Entitled Principles on Identification for Sustainable Development: Towards a Digital Age, the new guidelines have been endorsed by a range of organizations from varying industries, including the Bill and Melinda Gates Foundation, the United Nations Children’s Fund, and Mastercard.
The newly announced principles are part of a global effort to enable more inclusive and robust identification systems. The United Nations have targeted to provide legal identity for all, including birth registration, by 2030, and the guidelines look to help organizations do their part to achieve the UN’s Sustainable Development Goal.
“Given the size and complexity of the global identification gap, no single country, international organization, NGO, or private sector partner can surmount this challenge by working alone — coordination is needed at global, regional and national levels,” Vyjayanti Desai, ID4D program manager at World Bank Group, told One World Identity. “This effort is one step towards shaping a shared vision to advance progress globally.”
The list of 10 principles are broken in to three larger categories:
- Inclusion, with the goal of universal coverage and accessibility
- Design, aiming for robust, secure, responsive and sustainable methods of identity
- Governance, building trust by protecting privacy and user rights
The principles were drawn up with the belief that every person has the right to participate fully in their society and economy. But full participation can be difficult without any verifiable proof of identity.
“No one should face the indignity of exclusion, nor be denied the opportunity to realize their full potential, exercise their rights, or share in progress,” the guidelines state. “No one should be left behind.”
Full details can be found in the full report, but the short list of 10 guiding principles are as follows:
- 1. Ensuring universal coverage for individuals from birth to death, free from discrimination.

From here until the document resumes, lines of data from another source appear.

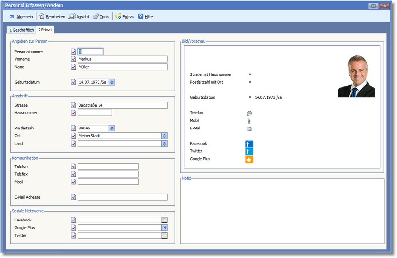 In dieser Karteikarte können Sie private Daten des Mitarbeiters wie Geburtsdatum, Wohnort usw. eintragen.
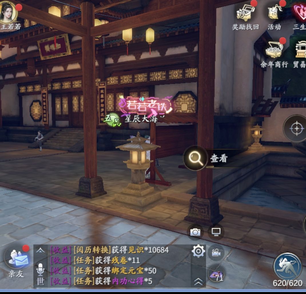 奖励:50绑定元宝、5张内功心得、残卷、1万阅历
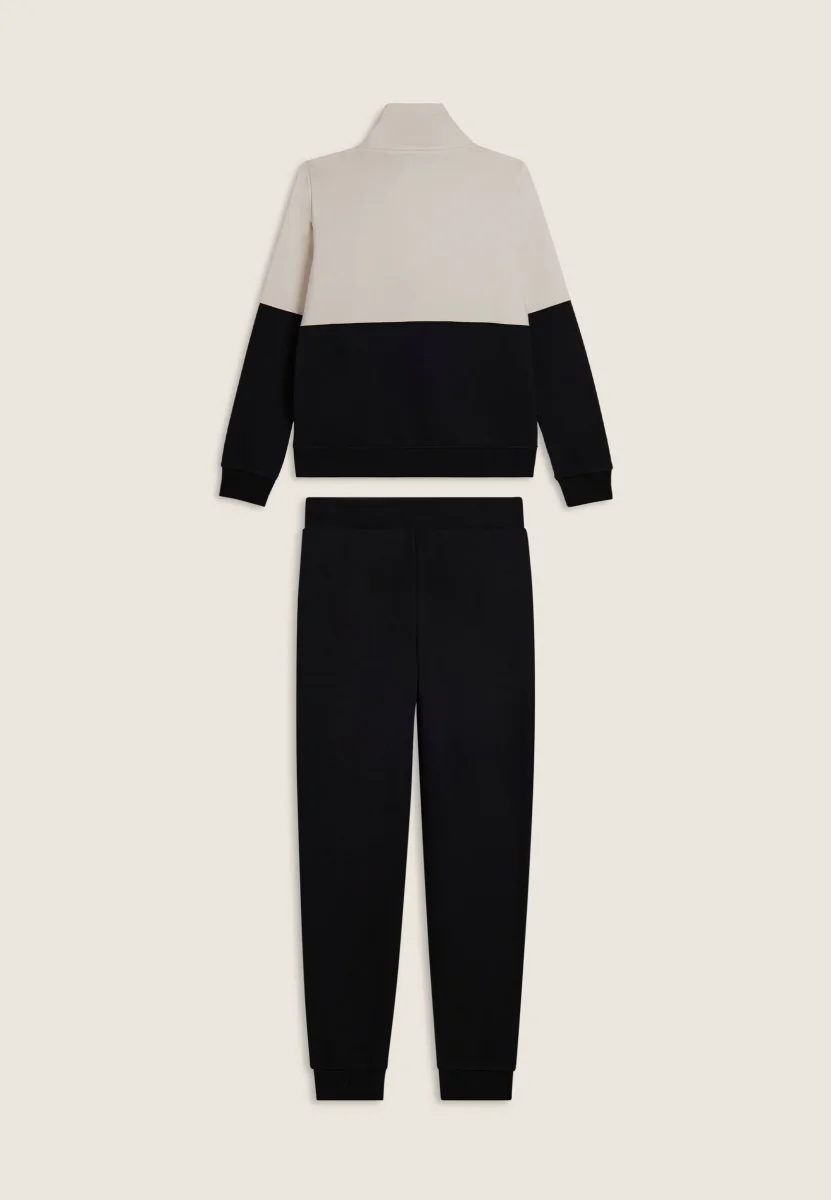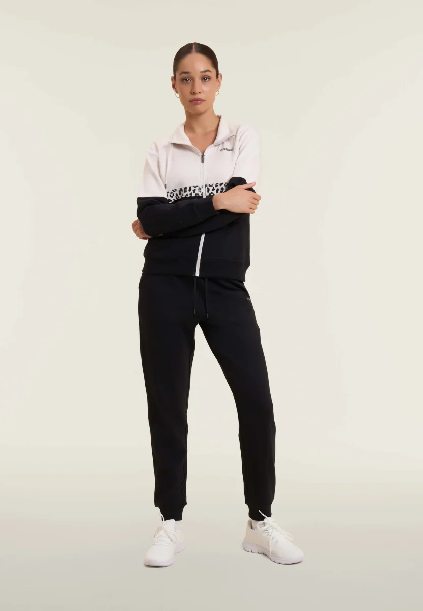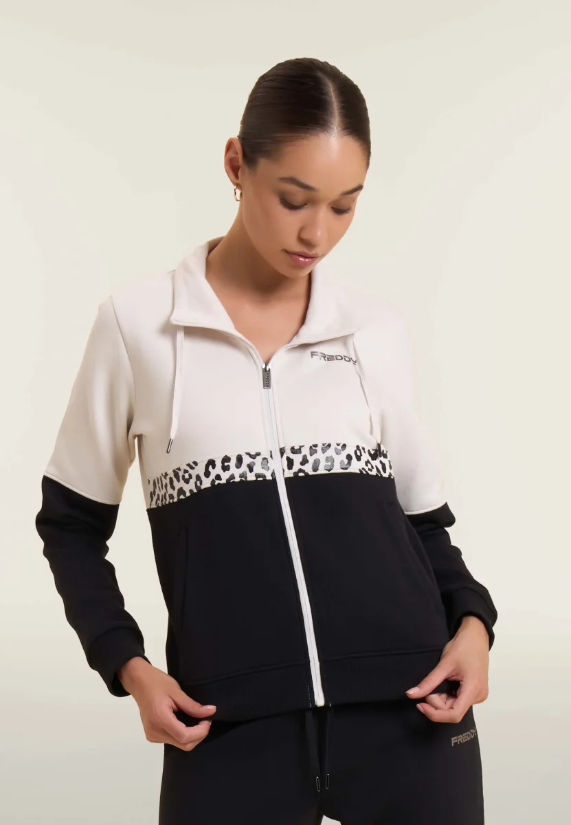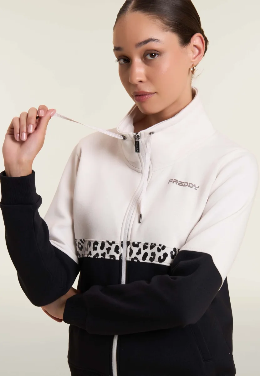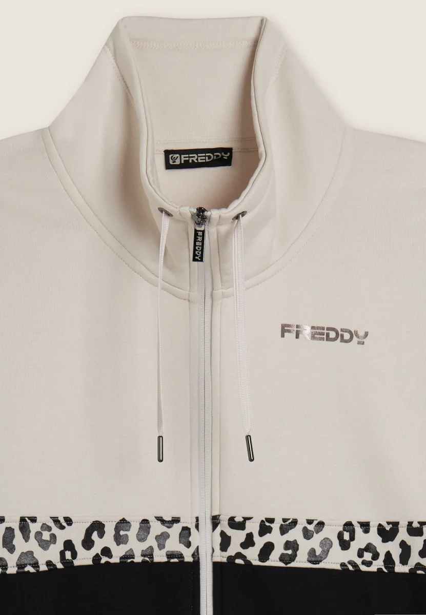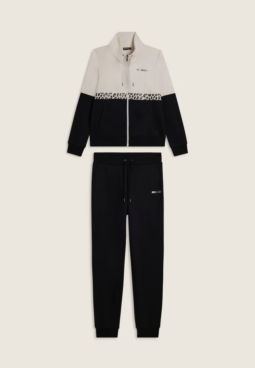 Tuta grintosa e confortevole in felpa garzata elasticizzata, perfetta per le attività quotidiane. La felpa con zip ha una fascia in costina sul fondo, collo alto con coulisse e maniche lunghe con polsini. Al centro del busto è presente un’inserto animalier che aggiunge carattere al look. I pantaloni hanno gamba con fondo a polsino in costina, vita elasticizzata con coulisse e una linea fluida. Il logo Freddy è stampato sul petto e sul fianco sinistro dei pantaloni. Entrambi i capi sono dotati di tasche.
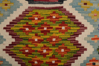 A Masterpiece of Afghan Craftsmanship with Caucasian Inspiration. Kelim Chobi rugs are a brilliant e x ample of traditional Afghan craftsmanship, combining both quality and aesthetic finesse. These rugs are uniquely handwoven in Afghanistan and carry a rich history of craftsmanship, where traditional techniques have been passed down through generations. What makes Kelim Chobi rugs particularly remarkable is their distinct design, heavily influenced by Caucasian patterns. The geometric shapes and symmetrical patterns, typical of Caucasian rugs, give Kelim Chobi rugs their unique and timeless character. The colors used in Kelim Chobi rugs are often subdued and natural, providing them with an elegant and sophisticated look. These colors are derived from natural dyes, which not only provide a durable and authentic color palette but also reflect a deep respect for nature and traditional methods. Each Kelim Chobi rug is handwoven with the utmost care and precision, ensuring high quality and durability. The rugs are flat-woven, giving them a smooth surface and making them both practical and easy to maintain. Thanks to their combination of Afghan craftsmanship and Caucasian design, Kelim Chobi rugs are a popular choice for those looking for a beautiful and timeless decorative element that can enhance any room. These rugs are not only practical floor coverings but also artworks that tell a story of tradition and culture. If you are looking for a rug that combines traditional craftsmanship with stylish design, Kelim Chobi rugs are an e x cellent choice. Their timeless beauty and durable quality make them a perfect investment for your home.

- 2. Removing barriers to access and usage and disparities in the availability of information and technology.
- 3. Establishing a robust — unique, secure, and accurate — identity.
- 4. Creating a platform that is interoperable and responsive
to the needs of various users.
- 5. Using open standards and ensuring vendor and technology neutrality.
- 6. Protecting user privacy and control through system design.
- 7. Planning for financial and operational sustainability
without compromising accessibility.
- 8. Safeguarding data privacy, security, and user rights through a comprehensive legal and regulatory framework.
- 9. Establishing clear institutional mandates and accountability.
- 10. Enforcing legal and trust frameworks though independent oversight and adjudication of grievances.